Kylie has managed to keep Cafe13 on budget, but only by trimming hours for a few staff.
And to keep further costs down for customers, Kylie made the decision to not apply a credit card surcharge to transactions.
She said one solution could lie in creating more reasons to keep tourists in town, injecting money into the local economy.
“We don’t do anything for Christmas or New Year’s in town. Nathalia has fireworks, Yarrawonga has fireworks. I think in general we seem to get overlooked here in Cobram,” she said.
“I know the Katamatite Rodeo brings extra money into Katamatite because people stop and buy drinks from the servo, etcetera.
“We’ve got those beautiful big parks — Federation and Mivo Parks — and we don’t utilise them. But it could bring a lot more [tourists], even from other towns.
“It would keep them shopping here in our town.”
A nationwide issue
A report, published by the Council of Small Business Organisations Australia and Commonwealth Bank Australia in October last year, found small businesses across the country were facing rising energy prices, insurance costs and rents.

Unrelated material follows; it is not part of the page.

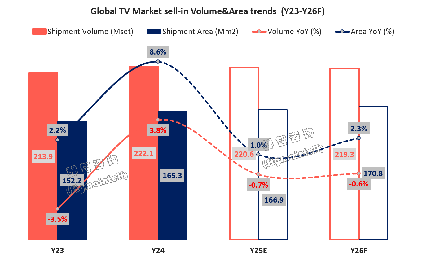 从群智的数据来看,2025~2026年全球TV出货量将持续处于微跌局面。
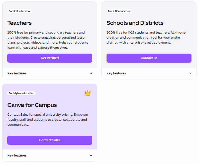 Canva offers free tools for K–12 teachers and districts, plus custom pricing for higher education via Canva for Campus.

COSBOA chief executive Luke Achterstraat said small businesses across Australia were struggling to manage spiralling costs.
“Australian small businesses are the heart of every community, employing more than five million people,” he said.
“Small businesses have been hard hit over the past year, with nearly half not breaking even. Owners are doing their best to keep their heads above water, but this is not an easy task in a sea of economic and regulatory uncertainty.”